Ninguém sentirá falta
O garoto propaganda da Abril, Diogo Mainardi diz que Gil está se preocupando à toa e mandou fechar o Ministério da Cultura. “Economizaremos um baita dinheiro. E ninguém sentirá falta deles. Os lobistas da cultura sempre repetem que o estado precisa financiar arte, literatura, cinema. Precisa nada. Passamos perfeitamente bem sem isso tudo. Se os artistas quiserem, podem tocar sanfona na rua e arrecadar umas moedinhas”, acredita o Dioguinho.
A bola da vez
A bola da vez é a possível adoção do sistema anticópia conhecido como DRM (digital rights management). Diogo Moysés e Oona Castro publicaram no observatório da imprensa um artigo criticando o Ministério das Comunicações e o seu alinhamento à posição dos radiodifusores. Caso venha a fazer parte das normas técnicas do SBTVD, o DRM impedirá o espectador de gravar qualquer programa televisivo.

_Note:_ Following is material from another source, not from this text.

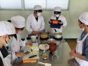 大正ニュース家庭科「食べて元気に」の学習で、ご飯の炊き方やおいしいみそ汁の作り方を学び、実際に調理しました!だしからとったみそ汁とみそだけのみそ汁とを飲み比べし、だしのおいしさに気づくことができました。班の人と協力しながら、楽しくおいしく調理することができました!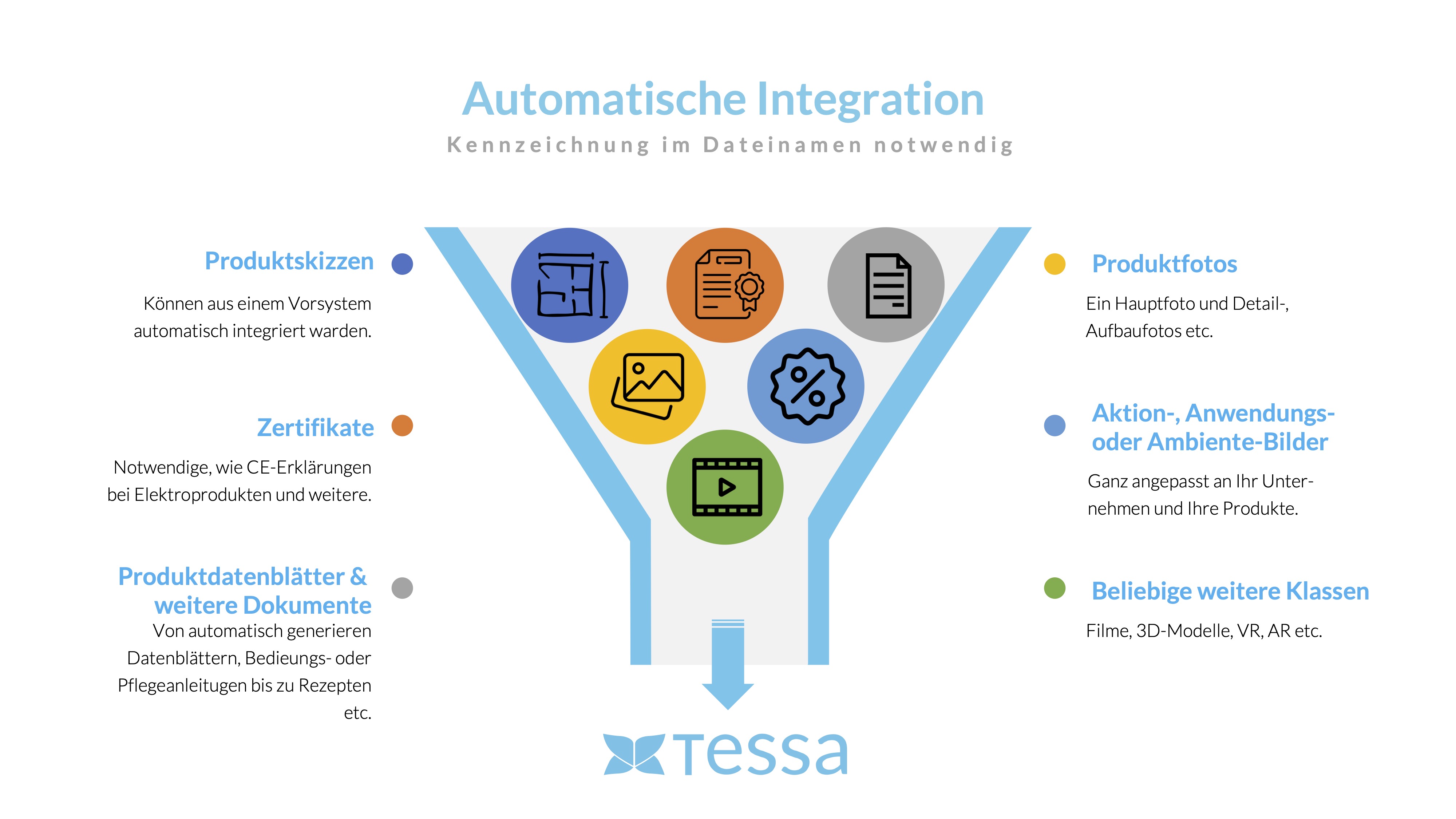 Meistens handelt es sich bei Assets ohne Produktbezug um Fotos, Logos, Templates für Präsentationen oder Anzeigen, mitunter auch Kataloge oder Broschüren. Eine allgemeine Klassen-Struktur dieser Assets ist schwer erkennbar. Oft kommen Unternehmen hier mit einer sehr langen, sehr unübersichtlichen Liste an Assets auf zu uns. Wir erarbeiten dann, wenn erforderlich, gemeinsam mit dem Kunden eine für die späteren Nutzer des TESSA DAM zugängliche Struktur. Dies ist einer der Enterprise-Vorzüge des TESSA DAM. Das Tool ist an die jeweilige Struktur Deines Unternehmens anpassbar. Freilich gibt es einige Anforderungen, die erfüllt werden müssen, damit alles reibungslos läuft. Dies beginnt mit einer sinnvollen Struktur der Dateinamen.

Enquanto isso, na Alemanha
O Estadão disse em uma pequena nota da agência EFE que a Alemanha resolveu autorizar de vez cópias de CDs e DVDs. O projeto de lei não inclui o pedido do setor de fixar uma porcentagem para compensar eventuais perdas com as reproduções das obras. O Conselho Federal da Alemanha aprovou na semana passada projeto que reforma a lei de propriedade intelectual e libera cópias de CDs e DVDs sem selo de segurança para uso privado no país.